From the perspective of binding mechanisms, the structural diversity of the CDR regions, especially the CDR3-β region, forms the basis for TCR diversity [1]. The simulation of 3D structures has been used for molecular docking analysis of epitopes [10]. Bradley [18] utilized an advanced complex structure prediction model, AlphaFold-Multimer, to embed TCR, MHC and epitope sequences for prediction, achieving an AUROC of 82% for eight seen epitope sequences. Compared to sequence-based methods, this approach did not show a clear advantage, possibly because AlphaFold-Multimer is a generative model, which increases model complexity when used for discrimination tasks. While the structure of peptides is determined by their amino acid sequences, the sequence does not contain experiential knowledge of how peptides should fold. OpenFold (or AlphaFold2), predicts the structure of CDR3-β or epitopes based on learning from many known protein structures, essentially providing CATCR with additional knowledge. In this study, we chose to represent structural data through the RCM. Using the RCM to characterize structural data avoids the direct interpretation of predicted complex structures, reduces the requirements for structural prediction accuracy and captures subtle differences in peptide structures for characterization. Our results indicate that embedding peptide structural data can improve model predictive performance, emphasizing the value of integrating structural information to enhance TCR–epitope binding prediction accuracy. Using only structural data, as opposed to only sequence data, achieved better predictive performance in evaluating the contribution of structural and sequence features to model predictive outcomes, further confirming the importance of structural data.
In the sequence feature representation, one-hot encoding is the most intuitive method; however, it struggles to reflect the differences between various amino acids.

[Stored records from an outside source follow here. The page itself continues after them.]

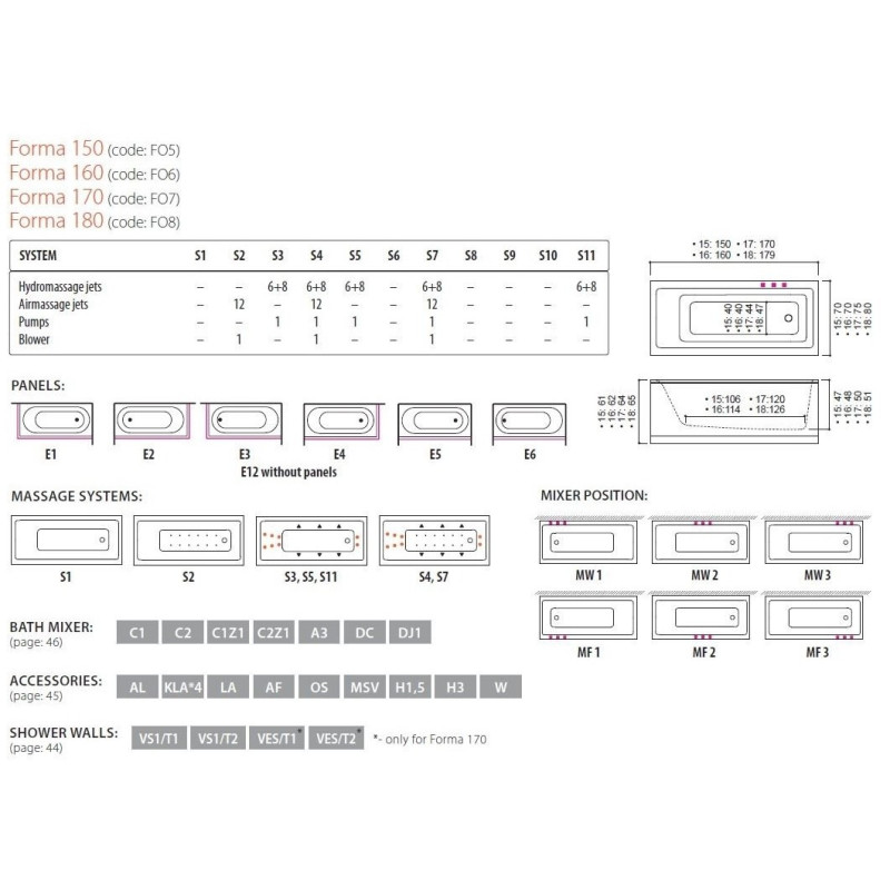 Akrilinė stačiakampė vonia Balteco Forma 170x75cm, su rėmu ir apdaila E1/E3. Vonia yra be masažo sistemos (S1 variantas). Balteco Panel+ šoninių uždangų sprendimo privalumai: L formos akrilinės uždangos yra be kampinių jungčių, jų kraštai dailiai užlenkti (nėra technologinių pjūvio pėdsakų), o taip pat naudojamos bevaržtės magnetinės jungtys, todėl uždangos yra visiškai vientisos. Tai, voniai Balteco Forma 170x75cm, suteikia išskirtini dizainą, todėl ji derinsis prie įvairaus vonios kambario interjero. Suteikiama 5 metų garantija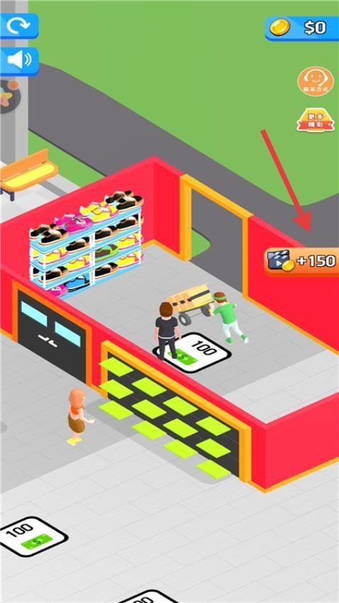 2、进入鞋店场景,与角色互动完成任务,获取【+150】金币,用于解锁新店铺或升级设施,扩大经营。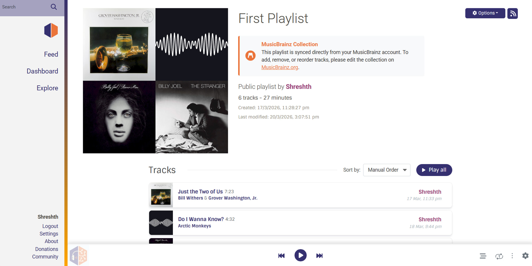 Read-Only Rendering: The collection detail page renders exactly like a standard playlist, but safely removes the drag-and-drop hooks and delete actions, reinforcing that the source of truth remains MusicBrainz.

Amino acid substitution matrices, including PAM, BLOSUM and PSSM, as well as feature matrices based on physicochemical properties such as NLF and VHSE8, have been used to encode amino acid sequences. Among these, BLOSUM62 [28] has been widely applied in deep learning tasks due to its effective representation of amino acid sequences. According to our CDR3-β sequence data, we detected a significant presence of frequently occurring short sequences, such as ‘CASS’ and ‘CASR’ at the N-terminus and ‘QYF’ and ‘YTF’ at the C-terminus. These conserved fragments show similarities across different sequences, resulting in closely related features when encoded using traditional methods. Therefore, we employed a fragment-based coding approach to differentiate these similar sequences. Our results indicate that fragment-based coding methods can enhance the performance of the model compared to BLOSUM62. However, the applicability of this coding approach to tasks beyond antigen–TCR binding prediction requires further investigation.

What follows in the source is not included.